Normalization & Schema Design Principles¶

Normalization is the practice of organizing tables so each fact lives in exactly one place. It prevents update anomalies and data drift.

The Problem: Duplicated Data¶

tasks
┌────┬─────────┬──────────────┬───────────────────┐
│ id │ title   │ owner_name   │ owner_email       │
├────┼─────────┼──────────────┼───────────────────┤
│ 1  │ Buy     │ Ada Lovelace │ ada@example.com   │
│ 2  │ Ship    │ Ada Lovelace │ ada@example.com   │
└────┴─────────┴──────────────┴───────────────────┘

If Ada changes her email, you must update every task row. Miss one and your data is inconsistent. This is an update anomaly.

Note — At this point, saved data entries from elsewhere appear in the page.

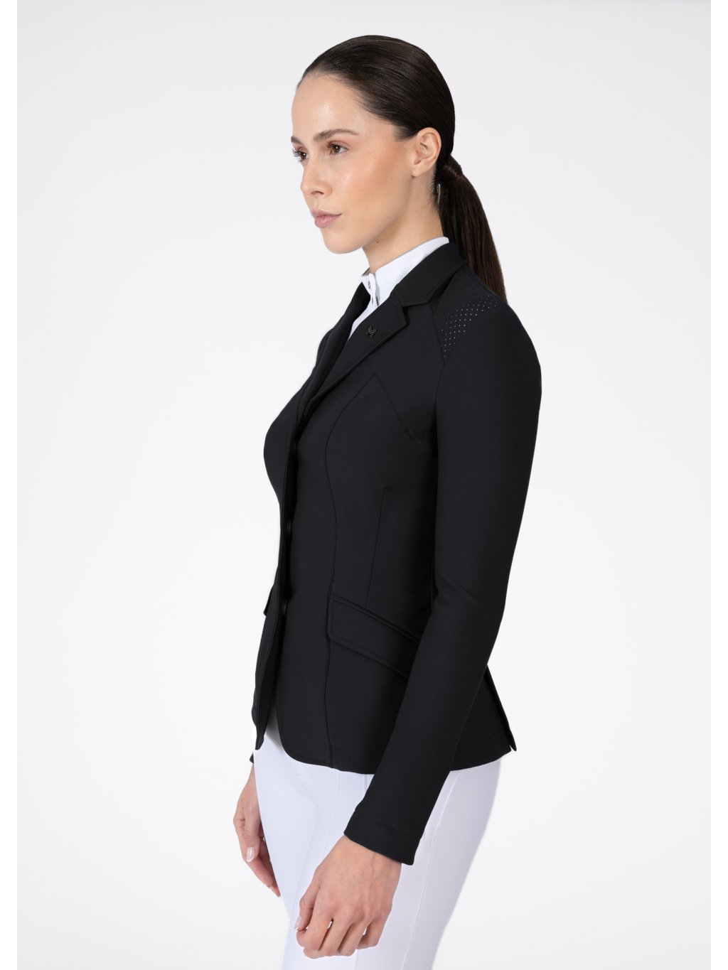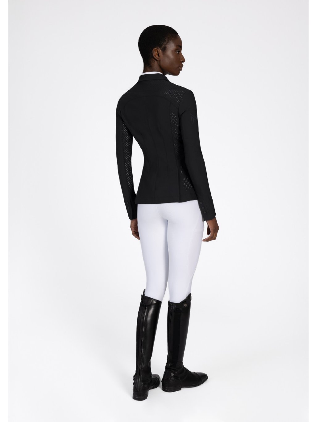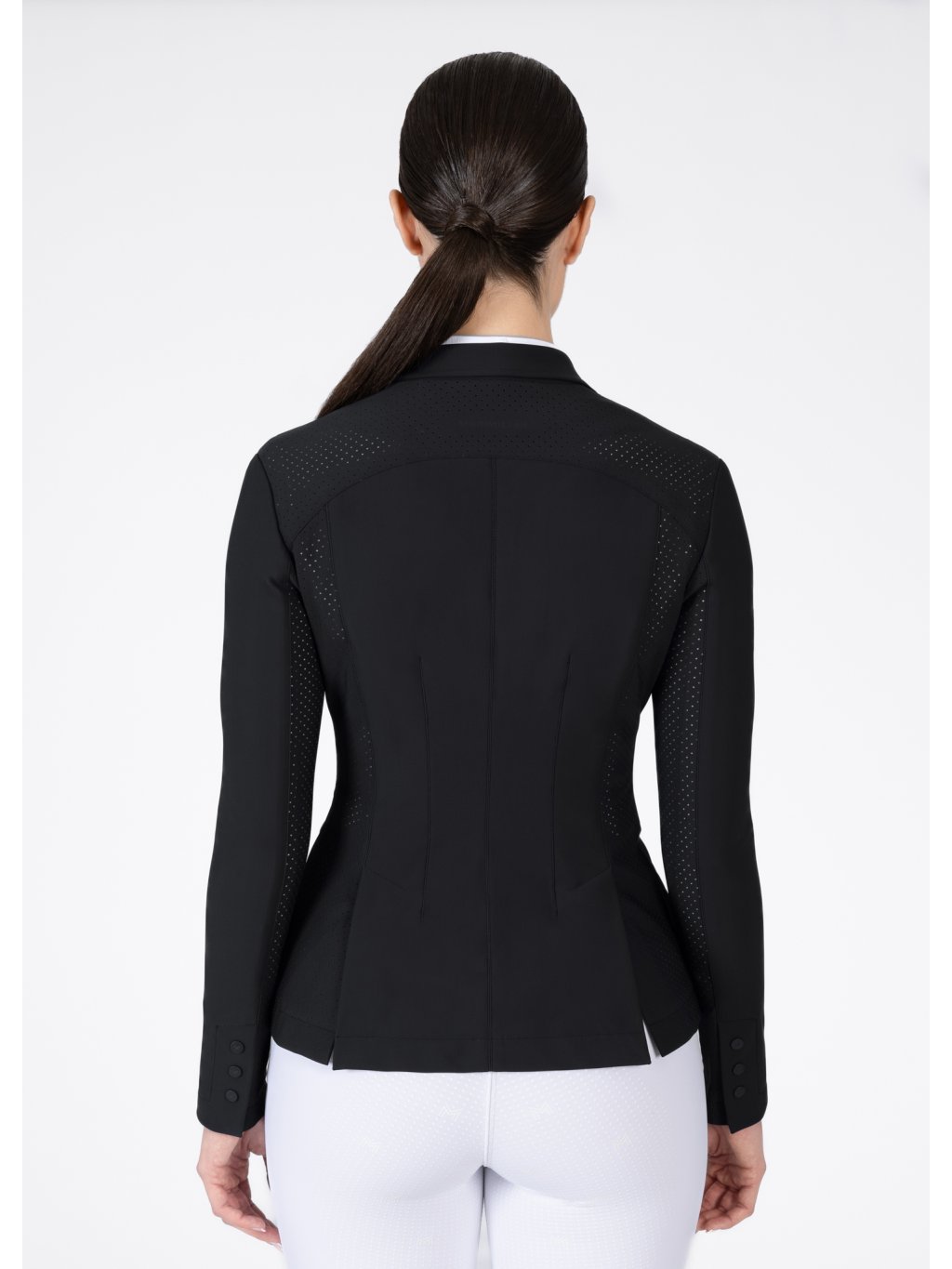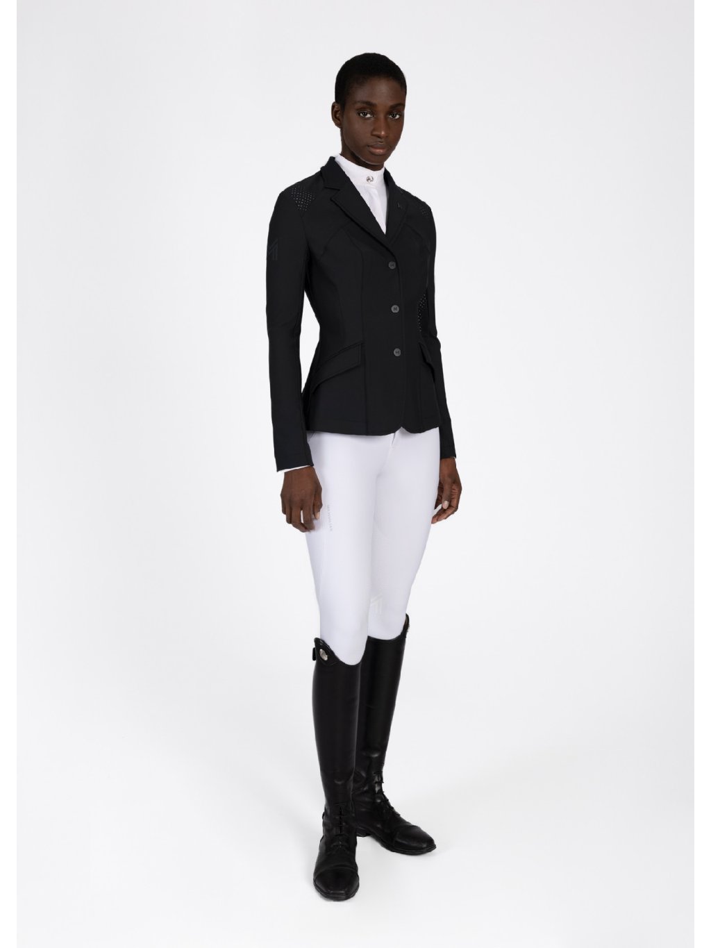 Precizně střižené sako, které přináší novou éru jezdeckého soutěžního oblečení. Díky inovativně zpracovaným technikám nabízí dokonale tvarovaný, přesto maximálně pohodlný střih. Byl pečlivě testován profesionálními jezdci napříč různými disciplínami. Součástí balení je také značkový ramínko a ochranný obal na sako.
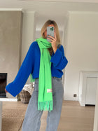 - Crafted from premium cashmere fabric, the Green Ronal Scarf offers both warmth and style. Its soft texture and delicate fringes create a refined look, making it a versatile accessory for any season. Perfect for adding a pop of color and elegance to your outfit.
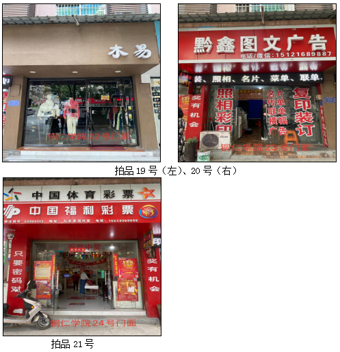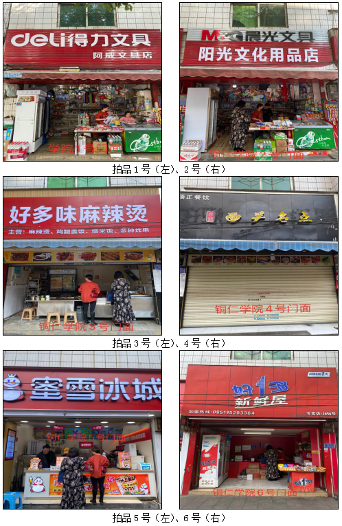 1.拍品1至21號標的位于銅仁市清水大道銅仁學(xué)院附中旁,面積7——28㎡,租賃期3年(2021.05.01至2024.04.30止),交通便利,人流量大。

The Fix: Separate the Concerns¶

users                        tasks
┌────┬──────────────┬──────┐ ┌────┬───────┬──────────┐
│ id │ name         │ email│ │ id │ title │ owner_id │
└────┴──────────────┴──────┘ └────┴───────┴──────────┘

Now Ada's email lives in one row. Tasks just reference her by owner_id.

The First Three Normal Forms (plain English)¶

1.1NF — each cell holds a single value (no comma-separated lists in a column).
2.2NF — every non-key column depends on the whole primary key.
3.3NF — non-key columns depend on nothing but the key.

A practical rule of thumb: "Each fact, once, in the right place."

When to Denormalize¶

Normalization optimizes for correctness and writes. Sometimes you trade it for read speed:

A cached task_count on users to avoid COUNT(*) on every page load.
A duplicated author_name snapshot so deleting a user doesn't blank old posts.

Denormalize deliberately, knowing you now own the job of keeping copies in sync. Start normalized; denormalize only when a real performance need appears.